What do conditions/logical expressions look like in Bash? Let's look at examples by modifying our program.
$ cp 3.sh 4.sh
$ nano 4.sh
#!/bin/sh
# 1. count the number of sequences in a fasta file
# 2. Add a variable
# 3. Add argument for file name
# 4. Add sanity checks
if [ -z ${1} ]; then
echo "ERROR: Give the file name as an argument"
exit 1
fi
FILE=${1}
if [ ! -f ${FILE} ]; then
echo "ERROR: The file you entered was not found: ${FILE}"
exit 1
fi
echo "The number of sequences in ${FILE}"
grep -c ">" ${FILE}
$ ./4.sh fastas/atpA_all.fasta
The number of sequences in fastas/atpA_all.fasta
155
conditionals | meaning | example |
---|---|---|
-z |
Text string is zero length | if [ -z ${1} ]; then … |
-n |
Test string is non-zero length | if [ -n ${1}]; then … |
-d |
The directory given exists | if [ -d /fastas ]; then … |
-f |
The file exists | if [ -f /fastas/rplB_all.fasta ]; then … |
! |
negates the condition | if [ ! -f /fasta/rplB_all.fasta ]; then … |
-eq -ne -lt -le -gt -ge |
=, ≠, <, ≤, >, ≥ | if [ ${COUNT} -gt 0 ]; then … |
https://www.gnu.org/software/bash/manual/html_node/Bash-Conditional-Expressions.html
For loop format:
for VAR in string1 string2; do
command
done
$ cp 4.sh 5.sh
$ nano 5.sh
#!/bin/sh
# 1. count the number of sequences in a fasta file
# 2. Add a variable
# 3. Add argument for file name
# 4. Add sanity checks
# 5. Change to calculating number of sequences for every file in a directory
# The directory to examine is given as an argument
if [ -z ${1} ]; then
echo "ERROR: Give the directory name as an argument"
exit 1
fi
DIR=${1}
if [ ! -d ${DIR} ]; then
echo "ERROR: The directory you entered was not found: ${DIR}"
exit 1
fi
echo "The number of sequences in each file in ${DIR}"

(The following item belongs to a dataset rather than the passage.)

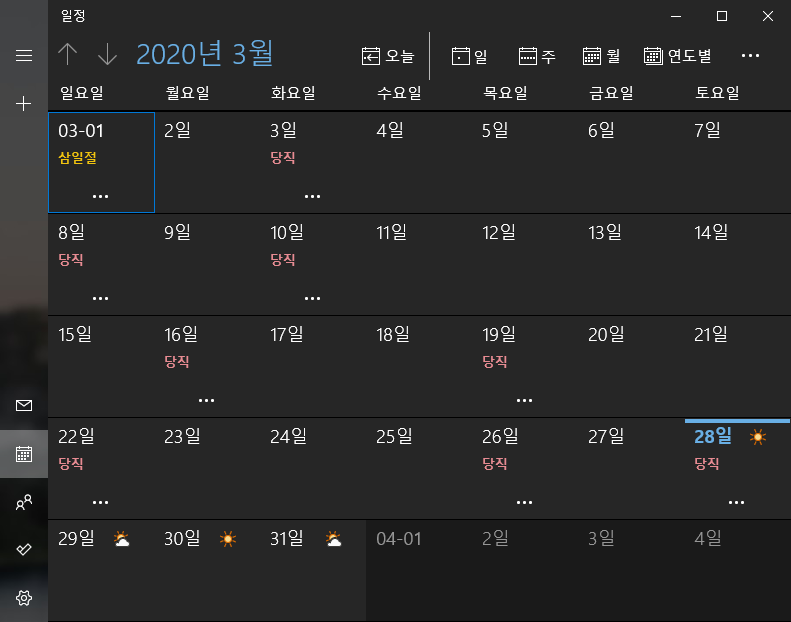 윈도우10에 기본 탑재되어있는 앱입니다. 캘린더를 아날로그식으로 기록하시는 분이 많습니다. 저도 그랬구요. 아날로그식이 좋을때도 있지만 단점도 있습니다. 넣을 수 있는 글자가 물리적한계가 있으며, 매일매일 확인해야된다는 점이지요. 일정앱을 쓰시면, 글자의 물리적 한계도 벗어날 수 있으며, 매일아침 일정을 알림으로 보고받을 수 있습니다. 또한 마이크로소프트 계정과 연결해 동기화 시켜놓으면 언제 어디서든지 일정을 확인할 수 있습니다. 기존에 사용하고 계신 구글이나 애플 캘린더계정이 있다면 로그인하여 동기화할 수 있습니다. 디지털 캘린더 이제부터 써보시는게 어떠실까요?

for FILE in ${DIR}/*.fasta; do
echo ${FILE}
grep -c ">" ${FILE}
done
$ ./5.sh fastas
The number of sequences in each file in fastas
fastas/atpA_all.fasta
155
fastas/dapD_all.fasta
154
fastas/rplB_all.fasta
156
(If you want to include multiple extensions use more advanced Bash globbing e.g. *.{fasta,fa}
for files that end in .fasta or .fa)
Notice how the file name is actually the directory and filename above? We can get the filename portion of a path and remove extensions.
$ cp 5.sh 6.sh
$ nano 6.sh
#!/bin/sh
# 1. count the number of sequences in a fasta file
# 2. Add a variable
# 3. Add argument for file name
# 4. Add sanity checks
# 5. Change to calculating number of sequences for every file in a directory
# 6. Get portions of the filename to improve output
# The directory to examine is given as an argument
if [ -z ${1} ]; then
echo "ERROR: Give the directory name as an argument"
exit 1
fi
DIR=${1}
if [ ! -d ${DIR} ]; then
echo "ERROR: The directory you entered was not found: ${DIR}"
exit 1
fi
echo "The number of sequences in each file in ${DIR}"
for FILE in ${DIR}/*.fasta; do
FILENAME=$(basename ${FILE})
GENENAME=$(echo ${FILENAME} | sed 's/.fasta//')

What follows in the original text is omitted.